A research agenda for the science of actionable knowledge: Drawing from a review of the most misguided to the most enlightened claims in the science-policy interface literature

Jagannathan, N., Emmanuel, G., Arnott, J., J. Mach, K.J., Bamzai-Dodson, A., Goodrich, K., Meyer, R., Neff, M., Sjostrom, K.D.,  Timm, K.M.F., Turnhout, E.,  Wong-Parodi, G., Bednarek, A.T., Meadow, A., Dewulf, A.,  Kirchhoff, C.J., Moss, R.H., Nichols, L., Oldach, E., Lemos, M.C., Klenk, N. (2023) A research agenda for the science of actionable knowledge: Drawing from a review of the most misguided to the most enlightened claims in the science-policy interface literature. Environmental Science & Policy, 144 :174-186.  https://doi.org/10.1016/j.envsci.2023.03.004.

Abstract

Linking science with action affords a prime opportunity to leverage greater societal impact from research and increase the use of evidence in decision-making. Success in these areas depends critically upon processes of producing and mobilizing knowledge, as well as supporting and making decisions. For decades, scholars have idealized and described these social processes in different ways, resulting in numerous assumptions that now variously guide engagements at the interface of science and society. We systematically catalog these assumptions based on prior research on the science-policy interface, and further distill them into a set of 26 claims. We then elicit expert perspectives (n = 16) about these claims to assess the extent to which they are accurate or merit further examination. Out of this process, we construct a research agenda to motivate future scientific research on actionable knowledge, prioritizing areas that experts identified as critical gaps in understanding of the science-society interface. The resulting agenda focuses on how to define success, support intermediaries, build trust, and evaluate the importance of consensus and its alternatives – all in the diverse contexts of science-society-decision-making interactions. We further raise questions about the centrality of knowledge in these interactions, discussing how a governance lens might be generative of efforts to support more equitable processes and outcomes. We offer these suggestions with hopes of furthering the science of actionable knowledge as a transdisciplinary area of inquiry.

Using a systematic review this paper produces a conceptual framework of the Science-Policy Interface (SPI) and 26 associated claims about the 5 characteristics of SPI: SPI assumptions, Meaning of SPI, SPI structure, Engagement processes in SPI, and SPI outcomes. Interviews with SPI experts identified the most misguided claims (=6), the most enlightened claims (=5) and those claims that warranted further research (=5).

This paper is useful for anyone working at the science to policy interface (i.e. some international research impact networks including UPEN in the UK, Vincula in Chile and ARIN on the African continent). While the most enlightened claims are not a surprise, what is surprising is some claims that we have heard to be true but deemed to be misguided. For example, the literature review identified evidence saying that researchers are apolitical actors in the SPI but this claim is deemed to be misguided by experts.

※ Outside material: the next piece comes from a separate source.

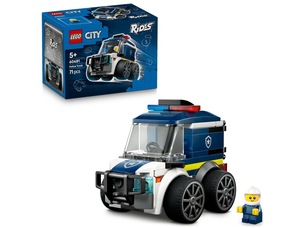 Začni akčné policajné dobrodružstvo s miniatúrnou sadou LEGO® City Cars - Policajná dodávka (60481) pre deti od 5 rokov. Táto zostaviteľná policajná dodávka so štýlovými diskami, nízkoprofilovými gumovými pneumatikami, nárazníkom, väzenskými mrežami a výstražnými svetlami ponúka malým staviteľom zábavný spôsob, ako preskúmať svet LEGO City. Súprava obsahuje aj minifigúrku mladého policajta z LEGO City Cars, ktorá dokonale zapadne do kabíny vodiča, a deti si s ňou užijú hodiny zábavy pri hre na policajta. Táto ľahko zostaviteľná policajná dodávka z radu LEGO City Cars je ideálna pre malé deti a skvele sa hodí ako prekvapenie alebo narodeninový darček pre chlapcov a dievčatá, ktorí milujú autá a kreatívnu hru. Pridajte model k ďalším súpravám LEGO City (predávajú sa samostatne) a zažite veľa dobrodružstiev. Deti si stavanie modelu LEGO City Cars - Policajná dodávka užijú s intuitívnou aplikáciou LEGO Builder, ktorá im umožňuje zväčšovať a otáčať model v 3D a ukladať a sledovať pokrok v stavaní. Stavebnica obsahuje 71 dielikov.Dodatočné parametre

Scientists not being apolitical – shocker!

See below for five more misguided claims:

  1. The processes that take place within SPIs facilitate a linear flow of knowledge from scientists to policymakers.
  2. Science can often prevent policy failures.
  3. Science communication is the determining factor in the success of SPIs.
  4. Policymakers believe scientific knowledge is necessary for improved decisions.
  5. Policymakers are accepting recipients of scientific knowledge.

The one that draws my attention is about science communication. The paper speaks to co-production as being understood but also, “as the review of the SPI literature illustrates, power, tension, conflict, and difference are central concerns and dimensions of knowledge co-production.”

We know from knowledge mobilization literature that dissemination (=science communications) is necessary but not sufficient to inform change. Co-production/engagement methods which include communications/dissemination are more effective likely also at the SPI. But they are also subject to issues of power and conflict.

And finally, what I find interesting is that three of the five most enlightened claims are also claims that the experts identified as needing more research. These include:

  1. SPIs need intermediaries (i.e. boundary spanners) that bridge the functional divide between scientists and policy-makers.
  2. SPIs encourage collaborations and social learning across a range of knowledge and value systems.
  3. SPIs that are successful support the building of trust in science.

And finally (the final finally) the article identified four elements of an SPI research agenda and there are sub-questions under each of four priority areas:

  1. Evaluating success of actionable knowledge
  2. Supporting intermediaries in facilitating science-society engagements
  3. Examining whether and how trust about knowledge is built
  4. Exploring the role of consensus in science-society engagements

Questions for brokers:

  1. In your opinion which of the five misguided claims is most surprising and why?
  2. Who has the power in SPI: the policymaker who can fund research and use it or the researcher who can do the research and produce the evidence?
  3. Why are three of the most enlightened claims also three of the claims that need more research?

Research Impact Canada is producing this journal club series to make evidence on knowledge mobilization more accessible to knowledge brokers and to facilitate discussion about research on knowledge mobilization. It is designed for knowledge brokers and other parties interested in knowledge mobilization.